Operation summary table
The table shows what each operator does and example results (with binary using fast_io::bin<true,true>).
| Operator | Meaning | Example (inputs) | Decimal result | Binary result |
|---|---|---|---|---|
| & | Bitwise AND | a = 10 (0b00001010), b = 12 (0b00001100) | 8 | 0b00001000 |
| | | Bitwise OR | a = 10 (0b00001010), b = 12 (0b00001100) | 14 | 0b00001110 |
| ^ | Bitwise XOR | a = 10 (0b00001010), b = 12 (0b00001100) | 6 | 0b00000110 |
| ~ | Bitwise NOT | a = 10 (0b00001010) | Platform-width dependent | Invert all bits (e.g., for 32-bit: 0b11111111111111111111111111110101) |
| << | Left shift | a = 10 (0b00001010), shift 1 | 20 | 0b00010100 |
| >> | Right shift | b = 12 (0b00001100), shift 2 | 3 | 0b00000011 |
| && | Logical AND | a = 2, b = 4 | 1 (true) | — |
| || | Logical OR | a = 2, b = 4 | 1 (true) | — |
Bitwise operators with binary output
Use fast_io::bin<true,true> to print a value’s binary with 0b prefix and zero padding.
#include <fast_io.h>
int main() {
using namespace ::fast_io::iomnp;
unsigned a{0b1010u}; // 10, 0b00001010
unsigned b{0b1100u}; // 12, 0b00001100
println("a = ", a, " ", bin<true,true>(a));
// a = 10 0b00001010
println("b = ", b, " ", bin<true,true>(b));
// b = 12 0b00001100
auto andv{a & b};
println("a & b = ", andv, " ", bin<true,true>(andv));
// a & b = 8 0b00001000
auto orv{a | b};
println("a | b = ", orv, " ", bin<true,true>(orv));
// a | b = 14 0b00001110
auto xorv{a ^ b};
println("a ^ b = ", xorv, " ", bin<true,true>(xorv));
// a ^ b = 6 0b00000110
auto notv{~a};
println("~a = ", notv, " ", bin<true,true>(notv));
// ~a = (platform-dependent). For 32-bit unsigned: 4294967285 0b11111111111111111111111111110101
auto lshift{a << 1};
println("a << 1 = ", lshift, " ", bin<true,true>(lshift));
// a << 1 = 20 0b00010100
auto rshift{b >> 2};
println("b >> 2 = ", rshift, " ", bin<true,true>(rshift));
// b >> 2 = 3 0b00000011
}
Shift intuition (ASCII diagram)
Start: 0 b 0 0 0 0 1 0 1 0 (= 10)
Left shift by 1 → 0 b 0 0 0 1 0 1 0 0 (= 20)
Start: 0 b 0 0 0 0 1 1 0 0 (= 12)
Right shift by 2 → 0 b 0 0 0 0 0 0 1 1 (= 3)
Left shift moves bits left (fills right with 0); right shift moves bits right (fills left with 0 for unsigned).
<bit> header utilities
The <bit> header provides tools for analyzing and transforming bit patterns. See cppreference: cppreference: <bit> header.

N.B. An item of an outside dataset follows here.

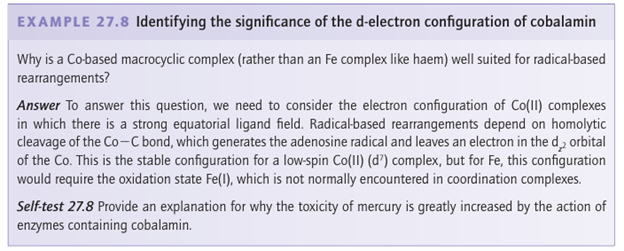 enzyme the bond is substantially weakened, resulting in homolytic cleavage of the Co-CH2R bond. This step results in five-coordinate low-spin Co (II) and a CH2 R radical, which gives rise to controlled radical chemistry in the enzyme active site pocket (Fig. 27.42). Important examples are methylmalonyl CoA mutase and diol dehydratases. In 1970, an alternative system for catalyzing radical-based rearrangements was discovered that does not depend on Co. As described in Box 27.1, the enzymes involved use instead a [4Fe-4S] cluster to generate the active deoxyadenosyl radical by reductive cleavage of its methionyl derivative.
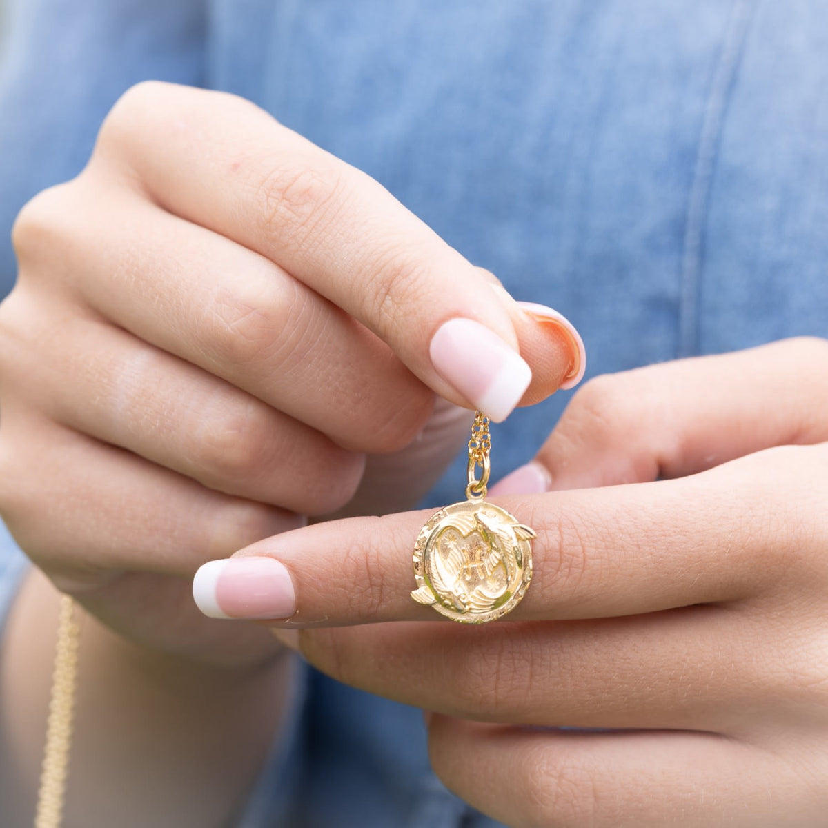 Crafted from 100% recycled 925 sterling silver with 18ct gold plating. Pisces zodiac pendant with koi fish detailing.

- ::std::popcount(x): number of set (1) bits.
- ::std::countl_zero(x): leading zeros (depends on width).
- ::std::countr_zero(x): trailing zeros.
- ::std::rotl(x, s): rotate left by s bits.

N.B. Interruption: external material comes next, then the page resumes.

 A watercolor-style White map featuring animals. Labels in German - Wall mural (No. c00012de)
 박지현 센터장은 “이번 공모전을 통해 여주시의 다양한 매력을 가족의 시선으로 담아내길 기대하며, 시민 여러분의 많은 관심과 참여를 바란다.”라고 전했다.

- ::std::rotr(x, s): rotate right by s bits.
- ::std::bit_width(x): number of bits needed to represent x.
#include <fast_io.h>
#include <bit>
int main() {
using namespace ::fast_io::iomnp;
unsigned x{0b101100u}; // 44, 0b00101100
println("x = ", x, " ", bin<true,true>(x));
// x = 44 0b00101100
println("popcount = ", ::std::popcount(x));
// popcount = 3
println("countl_zero = ", ::std::countl_zero(x));
// countl_zero = (depends on width; e.g., 26 for 32-bit unsigned)
println("countr_zero = ", ::std::countr_zero(x));
// countr_zero = 2
auto rotl2{::std::rotl(x,2)};
println("rotl(x,2) = ", rotl2, " ", bin<true,true>(rotl2));
// rotl(x,2) = 176 0b10110000
auto rotr2{::std::rotr(x,2)};
println("rotr(x,2) = ", rotr2, " ", bin<true,true>(rotr2));
// rotr(x,2) = 11 0b00001011
println("bit_width = ", ::std::bit_width(x));
// bit_width = 6 (needs 6 bits to represent 44)
}
Key takeaways
- Binary insight: Print with
fast_io::bin<true,true>to see bit changes. - Bitwise vs logical: Do not confuse
&/|with&&/||. - Operators: AND, OR, XOR, NOT, shifts manipulate bit patterns; shifts insert zeros for unsigned.
- Utilities: Use <bit> functions for counting, shifting via rotation, and measuring width.